Why Connect DeepSeek to Codex?
As an AI programming tool launched by OpenAI, Codex has become an essential daily tool for many developers thanks to its excellent code generation and comprehension capabilities. OpenAI Codex was originally fine-tuned from GPT-3, specifically optimized for code generation tasks, with training data that includes billions of lines of public code from GitHub. Codex is the core engine behind GitHub Copilot, supporting over a dozen mainstream programming languages including Python, JavaScript, TypeScript, and Go. With the release of GPT-4, Codex's capabilities were further enhanced, enabling it to understand more complex contexts, generate longer code snippets, and perform certain code review and refactoring tasks.
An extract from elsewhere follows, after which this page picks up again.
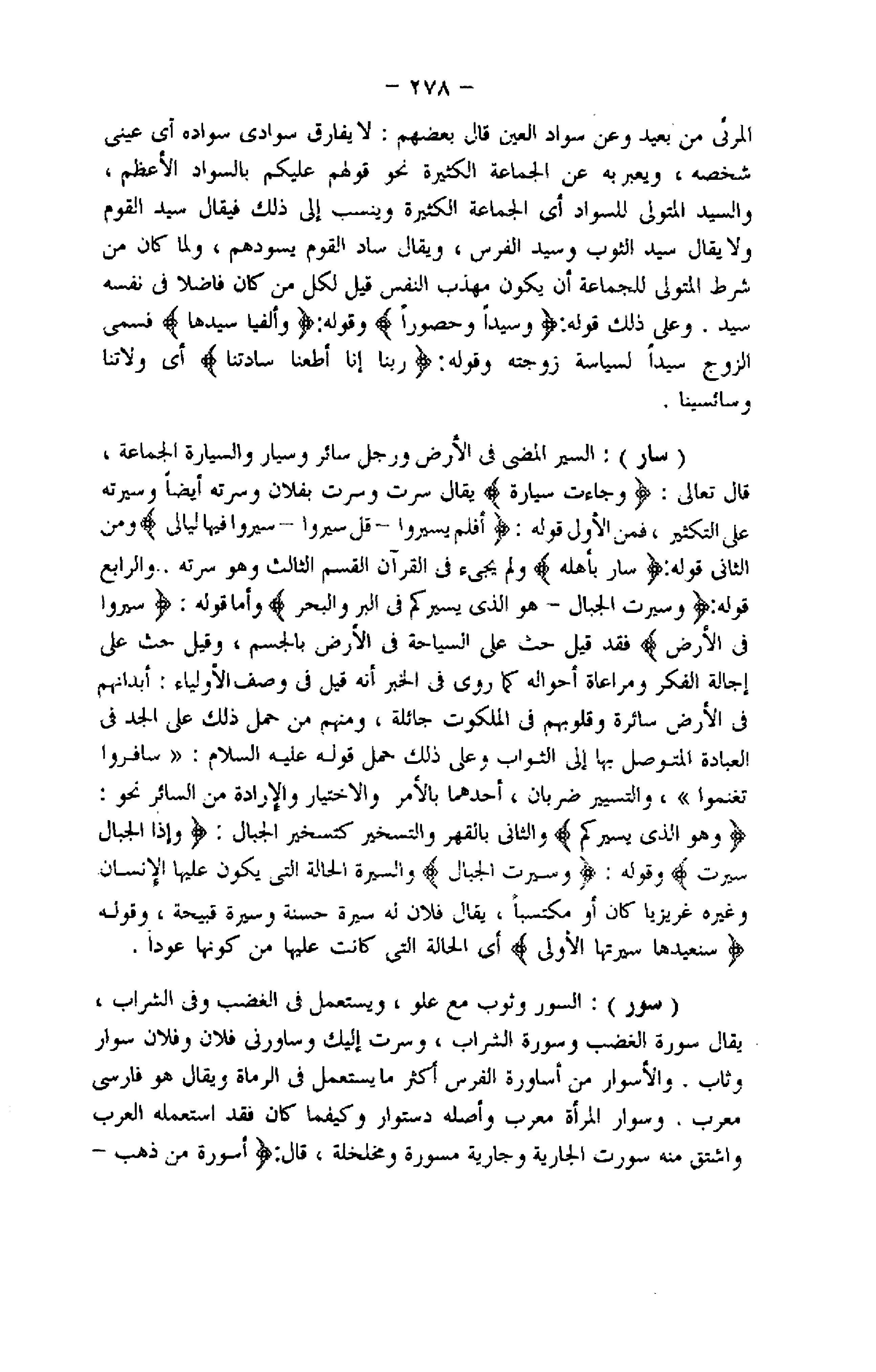 المرئي من بعيد وعن سواد العين قال بعضهم: لا يفارق سوادى سواده أي عينى شخصه، ويعبر به عن الجماعة الكثيرة نحو قولهم عليكم بالسواد الأعظم، والسيد المتولى للسواد أي الجماعة الكثيرة وينسب إلى ذلك فيقال سيد القوم ولا يقال سيد الثوب وسيد الفرس، ويقال ساد القوم يسودهم، ولما كان من شرط المتولى للجماعة أن يكون مهذب النفس قيل لكل من كان فاضلا فى نفسه سيد. وعلى ذلك قوله: وَسَيِّداً وَحَصُوراً وقوله: وَأَلْفَيا سَيِّدَها فسمى الزوج سيدا لسياسة زوجته وقوله: رَبَّنا إِنَّا أَطَعْنا سادَتَنا أي ولاتنا وسائسينا.

However, in actual use, there's one unavoidable pain point: Codex defaults to calling OpenAI's official models, which are expensive and consume tokens extremely fast. GPT-4-level API calls are quite costly, with input token prices around $30-60 per million tokens. For developers who make frequent calls, monthly expenses can easily exceed several hundred dollars.
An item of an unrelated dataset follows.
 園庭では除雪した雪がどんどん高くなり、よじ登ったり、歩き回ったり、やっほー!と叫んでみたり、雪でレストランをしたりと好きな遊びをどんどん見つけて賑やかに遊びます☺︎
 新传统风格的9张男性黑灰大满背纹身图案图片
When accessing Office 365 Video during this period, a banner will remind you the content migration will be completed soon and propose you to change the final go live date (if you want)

For high-frequency users, this cost is substantial. Finding a more cost-effective alternative has become a real necessity. DeepSeek, a Chinese AI model, has emerged as the best candidate thanks to its low API pricing and impressive code generation capabilities. Developed by DeepSeek AI, its V3/V4 series models employ a Mixture of Experts (MoE) architecture that activates only a subset of parameters during inference, dramatically reducing computational costs while maintaining model performance. This architectural advantage is directly reflected in API pricing — DeepSeek's API prices are typically 1/10 to 1/50 of OpenAI's comparable models. In code generation benchmarks (such as HumanEval and MBPP), DeepSeek's code models perform on par with the GPT-4 series, with particular advantages in Chinese programming scenarios and code generation for domestic frameworks.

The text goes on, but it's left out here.